Лицо дона Роке, который стоял в окружении недоверчиво все это выслушавших людей, озарилось кроткой улыбкой сельского пастыря, мягко контрастирующей с бороздившими его щеки темными морщинками:
— Простите, генерал, за откровенность. Слушая вас, мне казалось, что я слушаю библейского змия.

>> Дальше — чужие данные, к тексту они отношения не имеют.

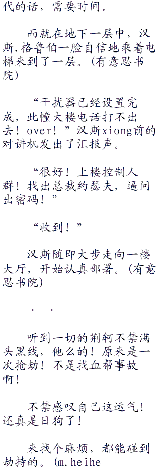 而正大厅那位开枪的那位金发外国人,朝着里面的电梯走去,他们知道这边有两个值班的安保人员。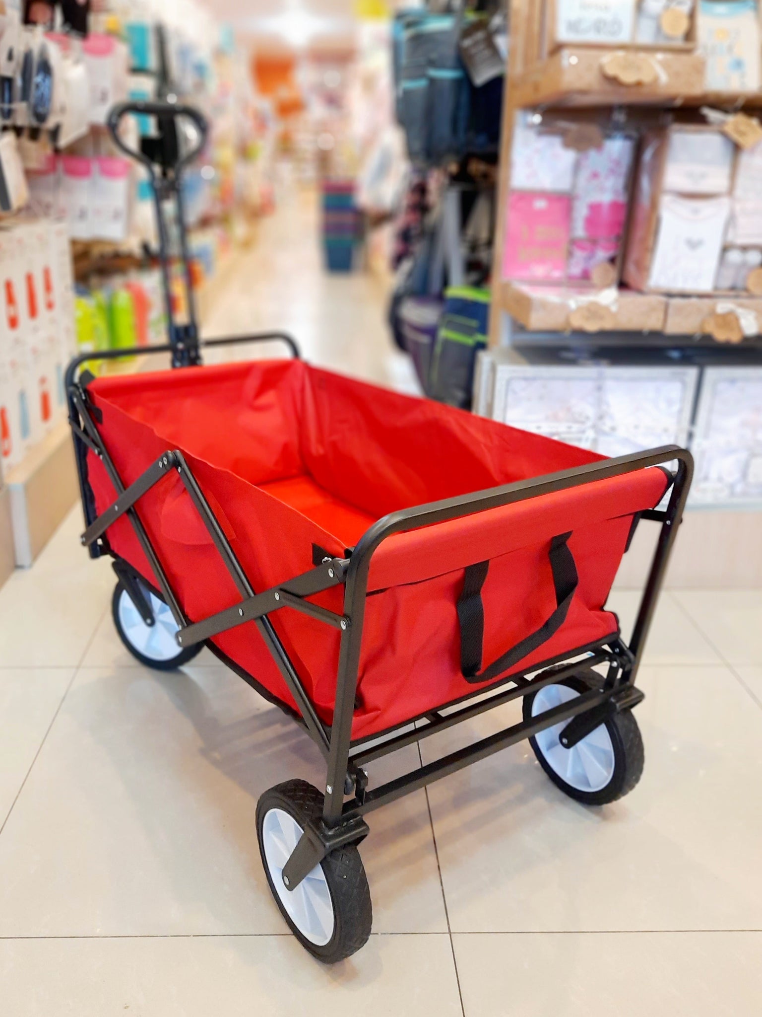 The Folding Wagon occupies a small place to in your garage, storage room or in the trunk of the car when not in use.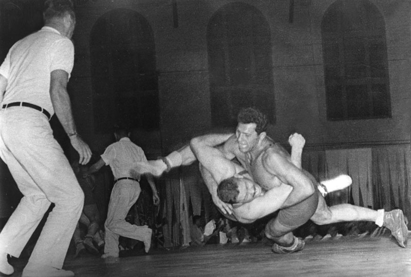 Всесоюзные соревнования по борьбе среди тяжеловесов на приз имени И.М. Поддубного. Александр Иваницкий – победитель соревнований. Ленинград, 1957 год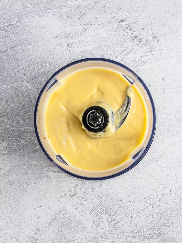 Bước 2: Gọt vỏ, cắt xoài thành miếng nhỏ. Thêm xoài đã cắt nhỏ, sữa chua Hy Lạp và bơ hạnh nhân vào máy xay. Xay nhuyễn mịn hỗn hợp.

Взгляд и улыбка на его морщинистом лице были исполнены такой наивной прямоты, что полностью искупали излишнюю резкость ответа. Зеленая усмешка застыла на устах тирана Бандераса:
— Досточтимый дон Роке, я, признаться, не ожидал от вас подобной иронии. Со своей стороны, я хотел предложить вам искреннюю свою дружбу и протянуть вам руку, но поскольку вы подозревайте меня в лицемерии, то я ограничусь повторением моих извинений.
VI
С этими словами он приподнял шляпу и в сопровождении двух адъютантов направился к двери.

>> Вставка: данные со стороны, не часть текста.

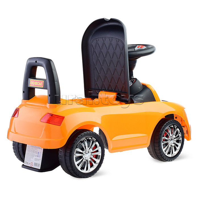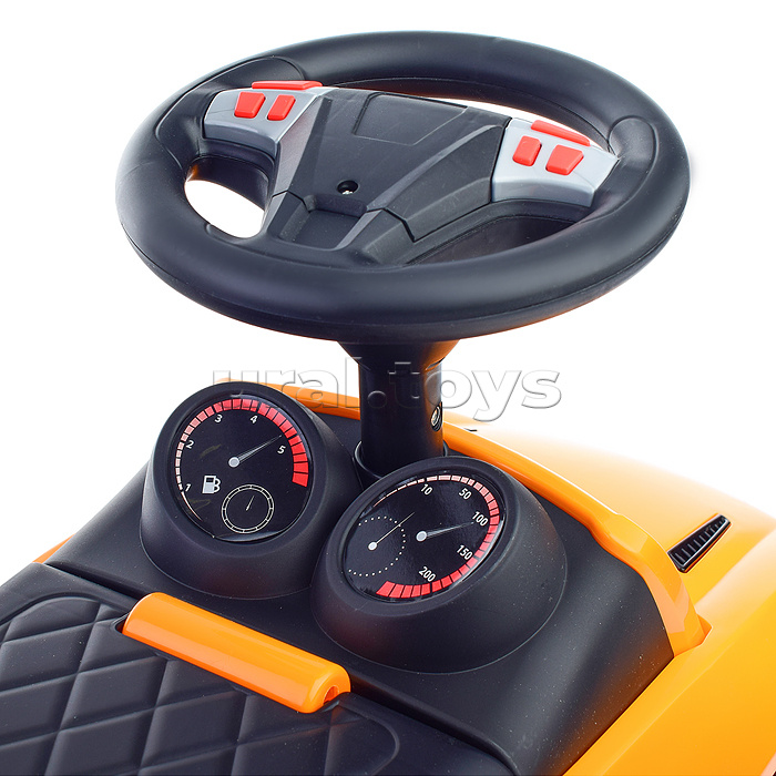 • Габаритные размеры: 665x285x380 мм. • Реалистичный дизайн: имитация металлизированных поверхностей (диски, фары, радиаторная решётка). • Предусмотрен элемент, который позволит избежать опрокидывания. • Игрушка не оборудована системой торможения. • Отделение для хранения мелочей располагается под сиденьем. • Размеры сиденья: 205х260 мм. • Высота сиденья: 23 см. • Каталка оснащена широкими колёсами (толщина 60 мм., диаметр 140 мм.). • Колёса из пластика. • Удобное рулевое управление. • Музыкальный руль с кнопками для управления звуковыми эффектами. • Руль имеет 4 режима: • сирена (3 звука), • клаксон, • звук двигателя, • сброс звуковых эффектов. • Звуковые эффекты работают от 2-х батареек типоразмера АА - не входят в комплект. • Материалы: пластмасса. • Максимальная нагрузка: 50 кг. • Соответствует требованиям безопасности и стандартам качества продукции. • Для детей от 3-х лет.

В пространство между двумя рядами гамаков с шутовскими ужимками выскочил лисенсиат Вегильяс. Плаксивым голосим он проквакал:
— Ква! Ква!
Мумия пожевала губами:
— Жалкий плут!
— Ква! Ква!
— Брось паясничать!
— Ква! Ква!
— Побереги свои шутки для других.
— Ква! Ква!
— Кажется, придется прогнать тебя пинком в зад.
— Ква! Ква!
Лисенсиат, подвязав поясом болтавшийся на нем жилет, с умильным выражением на распухшем от слез лице прыгал на корточках, пытаясь разжалобить недавнего своего покровителя.
— Противно на тебя смотреть! Свою болтливость ты не искупишь лягушачьим кваканьем.
— Ваша милость, всему виной магнетическая ошибка.
Носком сапога тиран Бандерас отшвырнул Вегильяса к часовому, стоявшему навытяжку в дверях камеры.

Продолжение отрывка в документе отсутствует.